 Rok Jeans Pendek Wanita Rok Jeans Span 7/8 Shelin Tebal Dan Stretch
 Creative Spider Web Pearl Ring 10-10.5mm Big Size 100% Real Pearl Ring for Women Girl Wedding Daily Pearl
──────────────────────────────
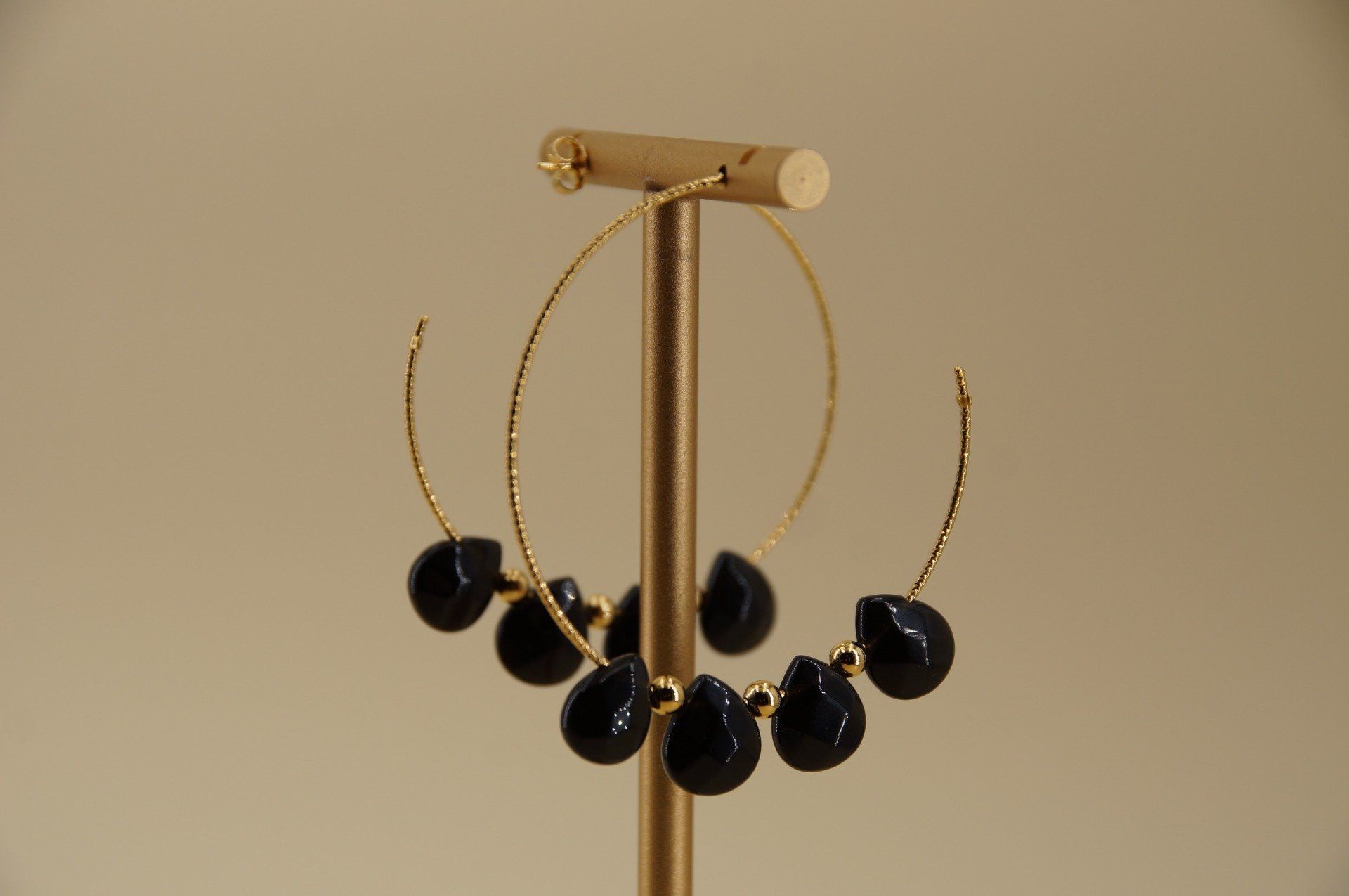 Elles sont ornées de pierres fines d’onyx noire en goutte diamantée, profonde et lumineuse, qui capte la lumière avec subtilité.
──────────────────────────────
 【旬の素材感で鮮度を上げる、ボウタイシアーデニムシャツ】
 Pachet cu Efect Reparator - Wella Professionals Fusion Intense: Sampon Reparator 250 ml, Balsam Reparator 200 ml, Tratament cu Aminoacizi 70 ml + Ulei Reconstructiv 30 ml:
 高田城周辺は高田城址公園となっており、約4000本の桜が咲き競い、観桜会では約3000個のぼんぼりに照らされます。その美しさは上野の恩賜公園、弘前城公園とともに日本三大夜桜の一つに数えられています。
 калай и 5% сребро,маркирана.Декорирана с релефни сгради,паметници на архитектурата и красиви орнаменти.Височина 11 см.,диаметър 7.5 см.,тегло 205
──────────────────────────────
The expected output is exactly the lines of the listing above between the line holding "Pachet cu Efect" and the line holding "калай и 5% сребро,маркирана.Декорирана", inclusive.

 Pachet cu Efect Reparator - Wella Professionals Fusion Intense: Sampon Reparator 250 ml, Balsam Reparator 200 ml, Tratament cu Aminoacizi 70 ml + Ulei Reconstructiv 30 ml:
 高田城周辺は高田城址公園となっており、約4000本の桜が咲き競い、観桜会では約3000個のぼんぼりに照らされます。その美しさは上野の恩賜公園、弘前城公園とともに日本三大夜桜の一つに数えられています。
 калай и 5% сребро,маркирана.Декорирана с релефни сгради,паметници на архитектурата и красиви орнаменти.Височина 11 см.,диаметър 7.5 см.,тегло 205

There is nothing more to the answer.